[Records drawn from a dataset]
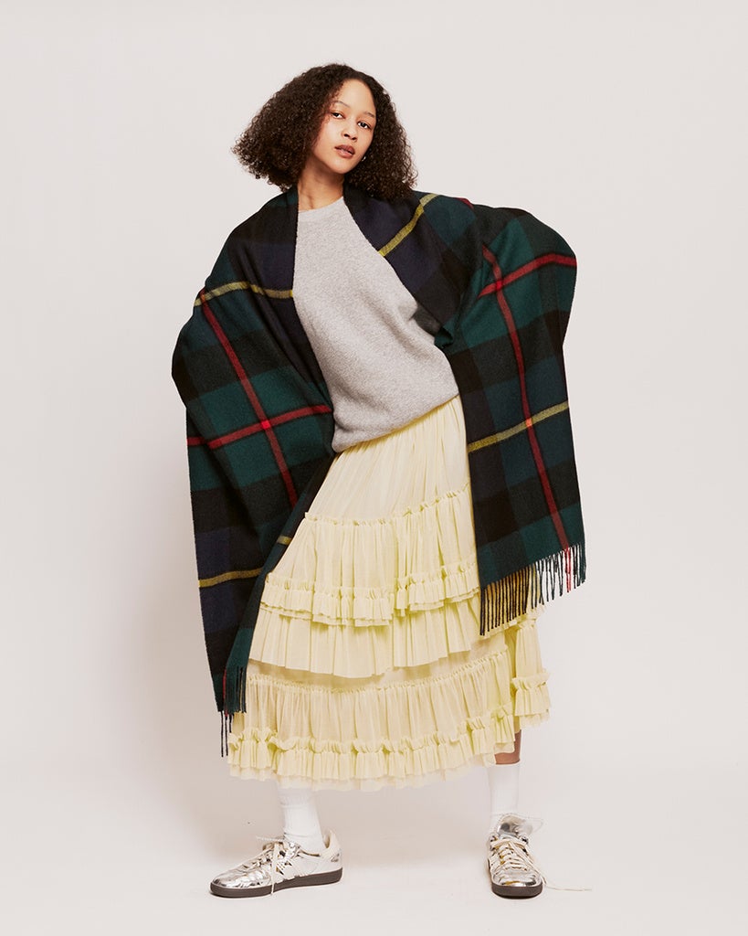 オーセンティックなタータンチェックをベースにしながらも、配色や柄ゆきが他には見ないモダンかつ新鮮な配色になっています。
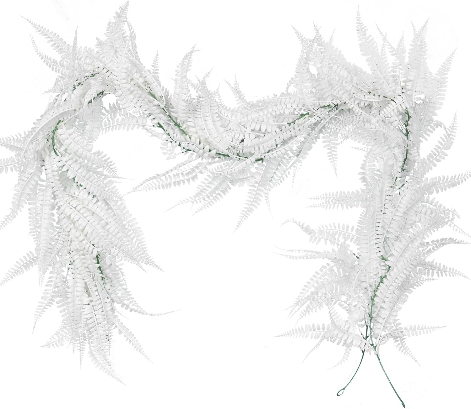 RECUTMS 2pcs Artificial Garland Faux Hanging Boston 6FT Fern Garlands Fake Greenery Ferns Plants for Halloween Thanksgiving Wedding Indoor Outdoor Party Wall Door Frame Fireplace Decor(White)
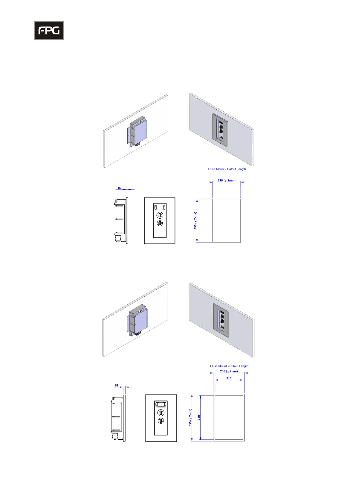 FPG Inline GN Series - Control Panel Mounting; Over Mounting; Flush Mounting; Under Mounting
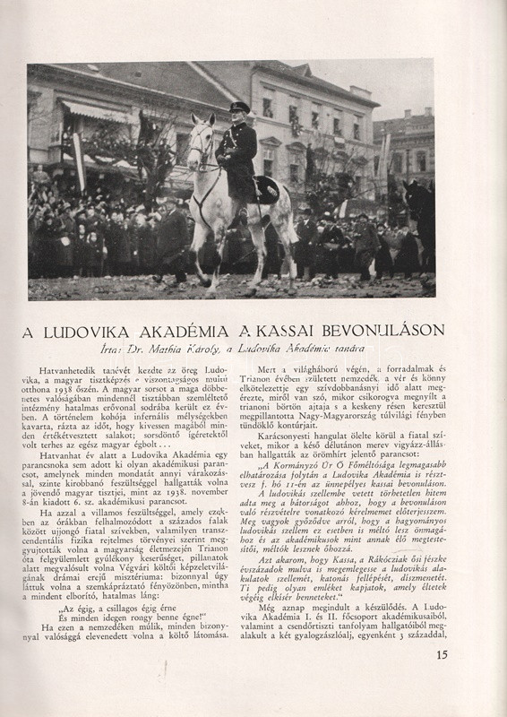 A Ludovika Akadémia tanárai és hallgatói által írt, szövegközti és egész oldalas felvételekkel, rajzokkal gazdagon díszített évkönyv pedagógiai szakcikkeket, hadászati gyakorlatokról és akadémiai ünnepségekről írt beszámolókat tesz közzé. A Ludovika Akadémia az elmúlt tanévben nem csupán a kassai bevonuláson vett részt: 1939. évi hadgyakorlatát is a Felvidék visszatért részein tartotta. Mindkét eseményről gazdag fotóanyag szerepel kötetünkben. Kiadványunk szerepel az Ideiglenes Nemzeti Kormány által 1945-ben betiltott művek jegyzékén.
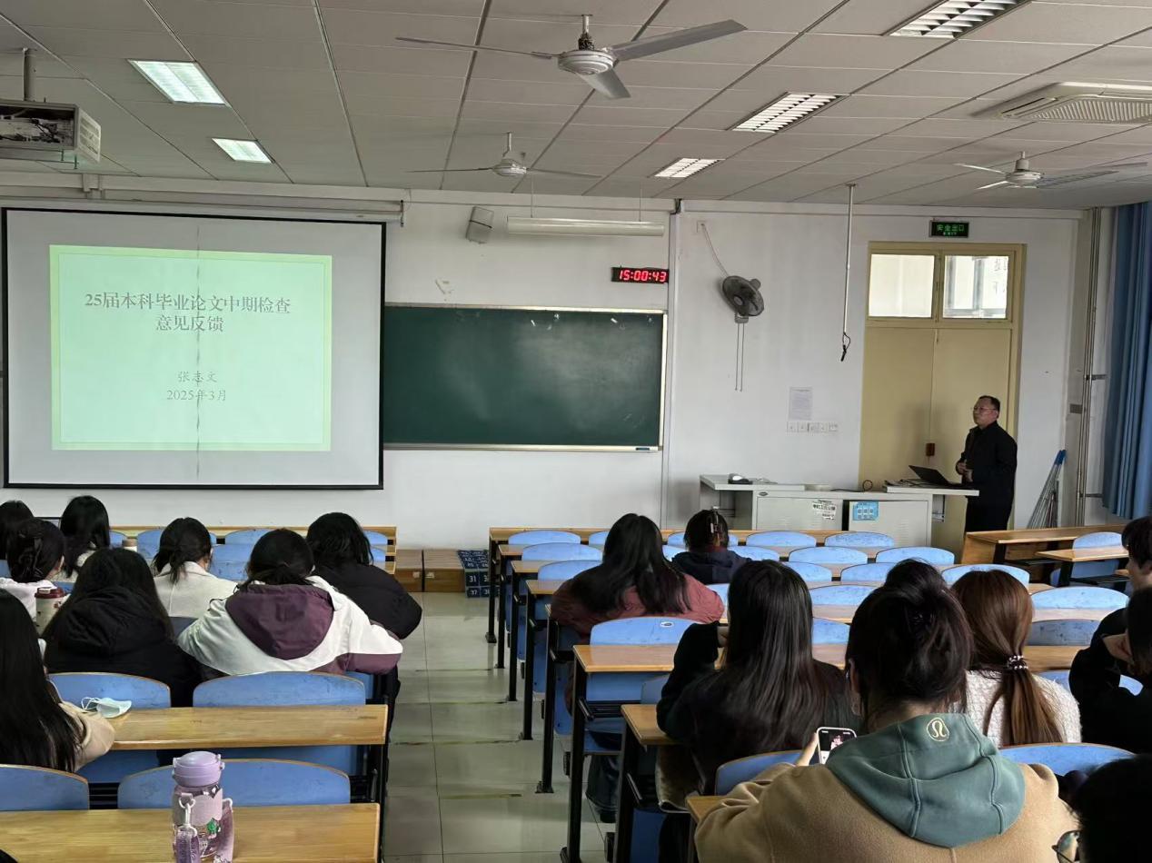 此次会议对毕业论文中期检查中发现的问题进行了及时总结与反馈,强化了学生对论文各部分写作方法的认识,加强了学术道德与诚信教育,有利于同学们有针对性地对毕业论文进行修改完善,提高毕业论文写作与人才培养的质量。
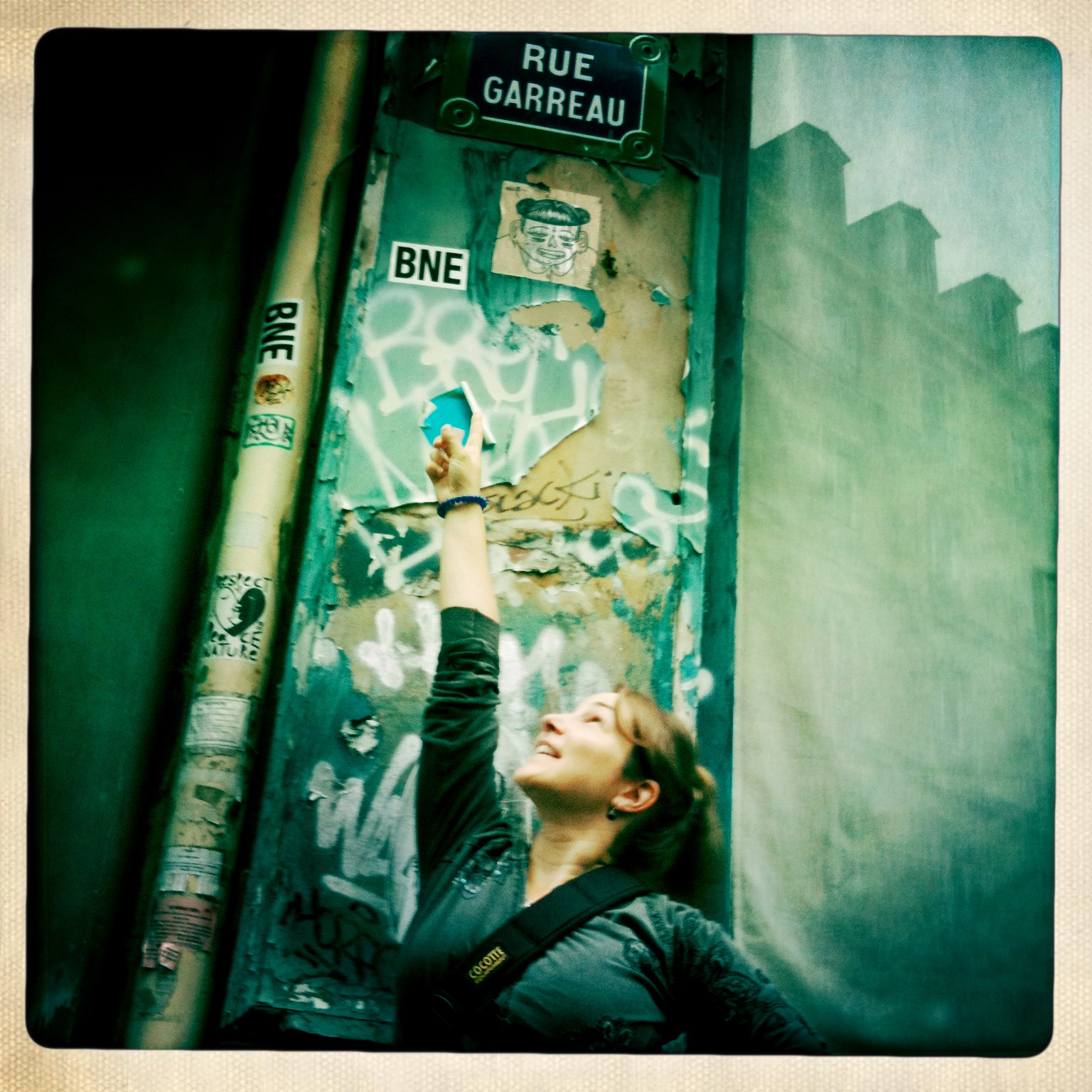 Cette photographie à été prise dans le quartier de la butte Montmartre à Paris, la première journée de notre voyage. L'enseigne nous à attirée parce que le chalet familial de Marie-Claude est en bordure du lac Garreau.  La photographie est un peu floue et la qualité n'est pas très bonne, mais la composition est intéressante et les couleurs résultantes de la combinaison iPhone et Hipstamatic donne une ambiance particulière à la photo. À ce moment, nous étions plutôt euphoriques et ne réalisions pas encore ce qui nous arrivait.

# [WHAT THE TASK REQUIRES]
Restating the data word for word is the task, and pictures are to be omitted.

# [EXERCISE RESULT]
 オーセンティックなタータンチェックをベースにしながらも、配色や柄ゆきが他には見ないモダンかつ新鮮な配色になっています。
 RECUTMS 2pcs Artificial Garland Faux Hanging Boston 6FT Fern Garlands Fake Greenery Ferns Plants for Halloween Thanksgiving Wedding Indoor Outdoor Party Wall Door Frame Fireplace Decor(White)
 FPG Inline GN Series - Control Panel Mounting; Over Mounting; Flush Mounting; Under Mounting
 A Ludovika Akadémia tanárai és hallgatói által írt, szövegközti és egész oldalas felvételekkel, rajzokkal gazdagon díszített évkönyv pedagógiai szakcikkeket, hadászati gyakorlatokról és akadémiai ünnepségekről írt beszámolókat tesz közzé. A Ludovika Akadémia az elmúlt tanévben nem csupán a kassai bevonuláson vett részt: 1939. évi hadgyakorlatát is a Felvidék visszatért részein tartotta. Mindkét eseményről gazdag fotóanyag szerepel kötetünkben. Kiadványunk szerepel az Ideiglenes Nemzeti Kormány által 1945-ben betiltott művek jegyzékén.
 此次会议对毕业论文中期检查中发现的问题进行了及时总结与反馈,强化了学生对论文各部分写作方法的认识,加强了学术道德与诚信教育,有利于同学们有针对性地对毕业论文进行修改完善,提高毕业论文写作与人才培养的质量。
 Cette photographie à été prise dans le quartier de la butte Montmartre à Paris, la première journée de notre voyage. L'enseigne nous à attirée parce que le chalet familial de Marie-Claude est en bordure du lac Garreau.  La photographie est un peu floue et la qualité n'est pas très bonne, mais la composition est intéressante et les couleurs résultantes de la combinaison iPhone et Hipstamatic donne une ambiance particulière à la photo. À ce moment, nous étions plutôt euphoriques et ne réalisions pas encore ce qui nous arrivait.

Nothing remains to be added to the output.